EDITORIAL-EL ESPAÑOL

La insistencia de María Jesús Montero en recurrir a chascarrillos referidos al aspecto físico, como su burla de Feijóo al ironizar que él podría ser presidente como «yo podría ser alta y rubia», resulta de por sí cuestionable.

Ciertamente, lo ha dicho de sí misma. Pero si el mismo comentario lo hubiera recibido de un tercero, probablemente se habría considerado machista. Además, la propia Montero ha sido víctima en ocasiones de mofas degradantes, en su caso a cuenta de su acento andaluz que, con razón, han encontrado el repudio del resto de actores políticos.

Franquear el ámbito de las cuestiones políticas para entrar en el terreno de la apariencia supone rebajar los estándares de un debate público cada vez más depauperado y contaminado por el lenguaje grueso y faltón.

Pero lo que es inaceptable es que un líder político se sirva de esa clase de descalificaciones personales para criticar a rivales políticos. Es lo que ha hecho la vicepresidenta este sábado, cuando ha aludido a Miguel Tellado como «el de gafas» y «el que menos pelo tiene».

No puede servir de eximente el contexto jocoso en el que se han pronunciado esas palabras, ni el talante desinhibido y algo chabacano del que suele hacer gala Montero.

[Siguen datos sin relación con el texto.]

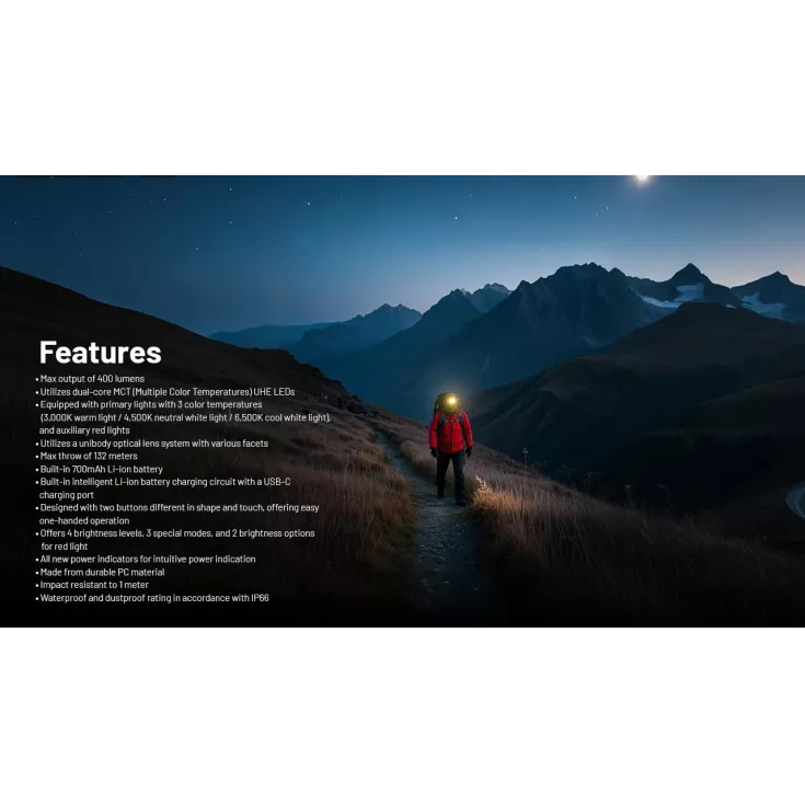 The Nitecore NU25 MCT redefines compact lighting with intelligent versatility and comfort. Delivering up to 400 lumens from a built-in 700mAh Li-ion battery, it’s perfect for runners, hikers, and adventurers who need lightweight, rechargeable illumination in all conditions.

Porque, como ha replicado Tellado, «¿qué pasaría si se me ocurriera describir a una diputada del PSOE por su aspecto físico, por su peinado o su vestimenta?».

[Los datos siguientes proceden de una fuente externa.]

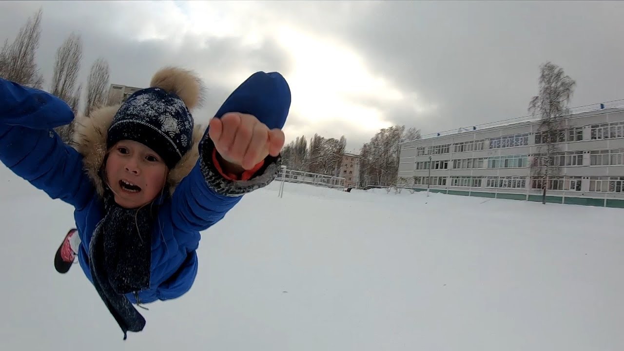 一個爸爸俄羅斯轉向空氣的小女兒逗樂, 而突然將在厚厚的積雪飛.

En cualquier caso, esta subida de tono no es exclusiva de Montero: las tres vicepresidentas de Sánchez han protagonizado una semana de animosidad insólita que las desacredita.

No se habían cumplido 48 horas de la invitación de Sánchez en Davos a los empresarios para formar un «triángulo virtuoso» cuando Teresa Ribera arremetió el jueves contra Josu Jon Imaz, con críticas ad hominem y no con argumentos técnicos, por cuestionar las políticas de transición ecológica.

Yolanda Díaz ya había iniciado esta senda de belicosidad contra la dirigencia empresarial durante la firma del acuerdo del SMI el pasado miércoles (fruto de un chantaje previo a la patronal), y lanzó que había llegado el momento de «tener un debate sobre las elevadísimas retribuciones que se perciben en los Consejos de Administración».

Más graves aún fueron las palabras de Ribera el viernes, cuando avaló el discurso independentista del lawfare al sugerir que la investigación de Manuel García-Castellón a Carles Puigdemont por terrorismo tiene motivaciones políticas.

Es cierto que, dividido y no con la contundencia deseada, el Gobierno desautorizó a la vicepresidenta tercera, que permanece instalada en el mutismo. Y siguiendo la línea marcada por Bolaños, varios ministros salieron en defensa de la labor de los jueces «frente a cualquier cuestionamiento, vengan de donde vengan».

Pero sigue resultando significativo, por infrecuente, el enfangamiento de una ministra que había querido proyectar la imagen de un perfil técnico no tan volcado en la refriega política. Y que había protagonizado momentos de entendimiento con la oposición muy elogiables, como el pacto en Doñana con Moreno Bonilla, o el del Mar Menor con López Miras.

Parece evidente que este intento de marcar colmillo político no está desligado de las quinielas de las próximas elecciones europeas, para las que la vicepresidenta puede ser la cabeza de lista del PSOE. Y que la escalada de hostilidad hacia el PP tiene que ver con la multiplicación e intensificación de los ataques bajos a Feijóo, mediante los cuales distintos ministros del Gobierno (y el propio presidente) quieren desviar la atención del desgaste de Sánchez a propósito de sus acuerdos con los separatistas.

Es muy representativo del estado de impotencia de Sánchez que el PSOE haya convertido su convención política de este fin de semana en La Coruña en unas jornadas contra el PP. Pero esta dinámica de confrontación desaforada no se compadece con la serenidad que debería gobernar la conversación nacional.